– Безумные! вы почитаете богов, которых никогда не видали; а тех, кто среди вас, оставляете без жертв и курений. Вы приносите Латоне жертву, а мне, божественной, не покланяетесь? Тантал, отец мой, сиживал за трапезой богов; мать моя – одна из плеяд; дед мой, великий Атлант, держит на плечах своих небо. Зевс также мне дед, да и к тому же еще и свекор. Мне повинуются народы Фригии, мне принадлежит Кадмова крепость и фиванские стены, воздвигнутые звуками Амфионовой лиры. Куда ни обращу я взоры, всюду вижу несметные богатства. К тому же и лицом я богине подобна; семь сыновей у меня, семь дочерей, да столько же снох и зятьев. Могу ли я не гордиться? Неужели осмелитесь вы предпочесть мне дочь титана Латону, отверженную когда-то землею, морем и небом и блуждавшую по земле до тех пор, пока не сжалился над нею Делос и оказал ей гостеприимство? На острове этом Латона родила своих близнецов. Только и есть двое детей у богини: почти бездетна она в сравнении со мною. Я блаженна, – кто может отрицать это? Я буду вечно блаженна, – кто может усомниться в этом?

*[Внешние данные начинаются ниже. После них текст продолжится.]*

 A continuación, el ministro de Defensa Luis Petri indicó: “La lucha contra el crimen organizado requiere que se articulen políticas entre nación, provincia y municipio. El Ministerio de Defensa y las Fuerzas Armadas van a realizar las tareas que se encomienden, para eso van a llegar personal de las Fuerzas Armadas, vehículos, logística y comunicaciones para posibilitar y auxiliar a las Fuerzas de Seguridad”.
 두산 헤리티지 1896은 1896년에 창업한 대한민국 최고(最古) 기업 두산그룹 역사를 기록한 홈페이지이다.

Прочь же от алтарей, уходите скорее, сбросьте с себя лавровые венки!
Объятые ужасом фивянки повиновались царице, оставили недовершенной жертву, но оставляли они ее с тихой молитвой, – этого не могла им запретить царица.
Вознегодовала Латона, и к детям своим, бывшим с нею на Киносской горе, обратилась с такими словами:
– Дети мои! Меня оскорбила смертная. Вашу мать, не уступающую кроме Геры ни одной богине, не хотят считать богиней; если не поможете вы мне, меня лишат алтарей, на которых искони приносились мне жертвы. Но этого мало: гордая дочь Тантала дерзнула вас, мою гордость, унизить пред своими детьми и, надменная, назвала меня – о, да падет на нее то название! – бездетной.

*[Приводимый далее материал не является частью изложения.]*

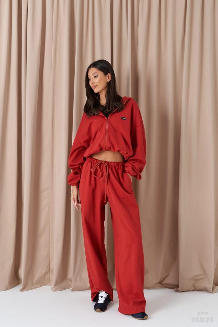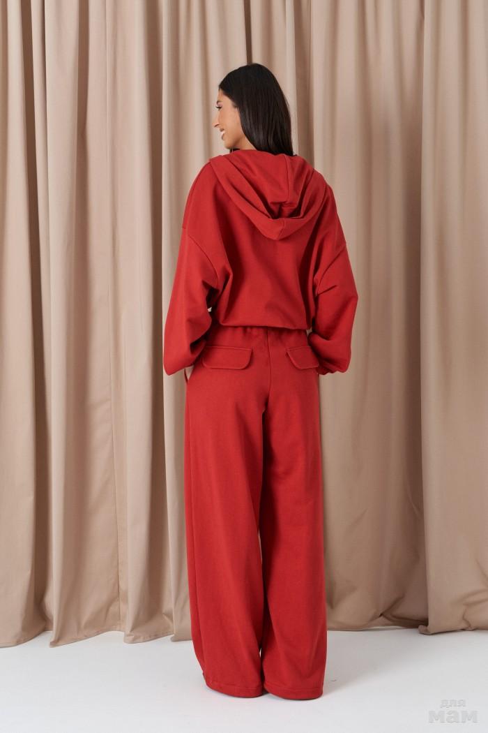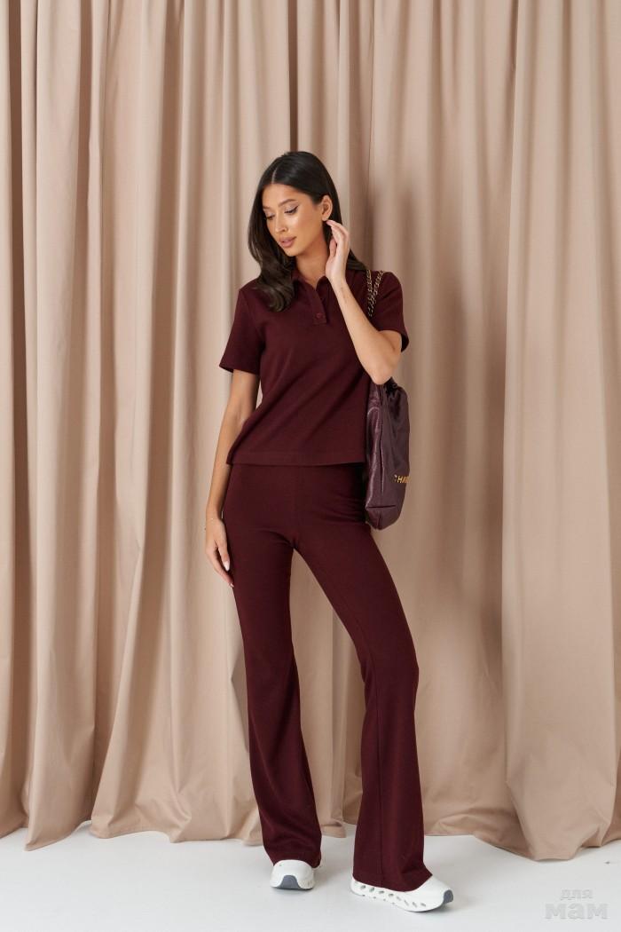 Брюки-клёш. Выполнены из плотного мягкого трикотажа бордового цвета. Пояс на резинке. Длина 113 см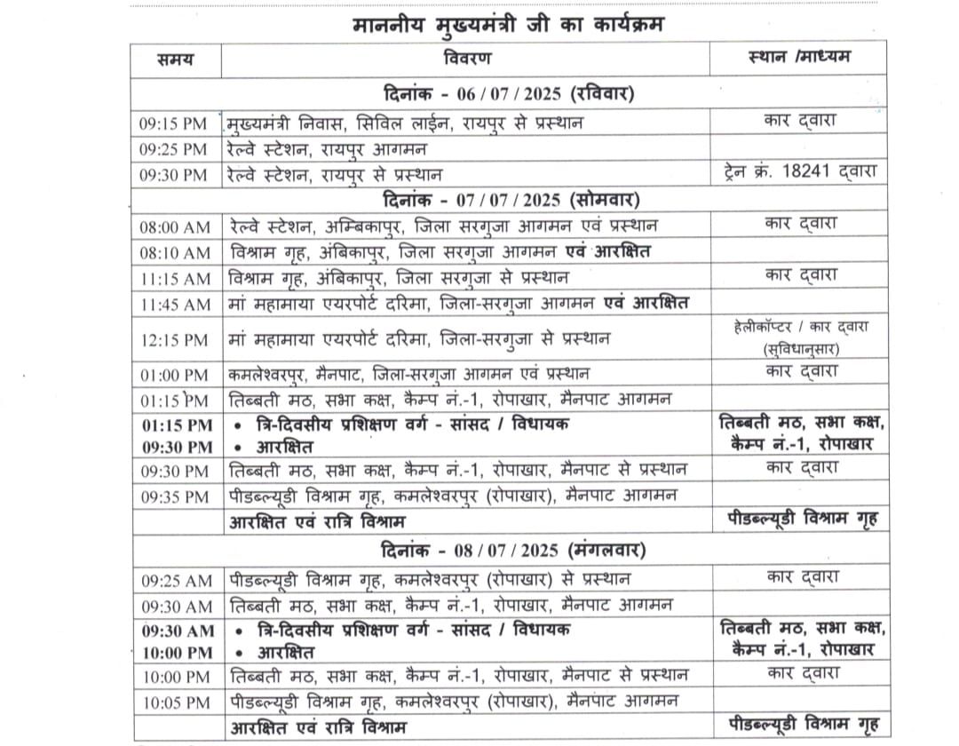 मुख्यमंत्री विष्णु देव साय 7 जुलाई को सरगुजा जिले के अंबिकापुर और मैनपाट क्षेत्र के दौरे पर रहेंगे। वे सुबह 8:00 बजे ट्रेन के माध्यम से अंबिकापुर रेलवे स्टेशन पहुंचेंगे, जहाँ से 8:10 बजे विश्राम गृह अंबिकापुर पहुँचेंगे और कुछ समय आरक्षित रहेंगे।

Так говорила богиня и к словам этим хотела присоединить мольбы о мести, но..
– Довольно! – воскликнул Феб, – довольно, мать моя: уже давно пора покарать преступную!
То же сказала и Артемида. Быстро понеслись брат и сестра над землею и, окутанные облаком, достигли Кадмейского кремля, мысля стрелами своими отметить за оскорбление, нанесенное их матери.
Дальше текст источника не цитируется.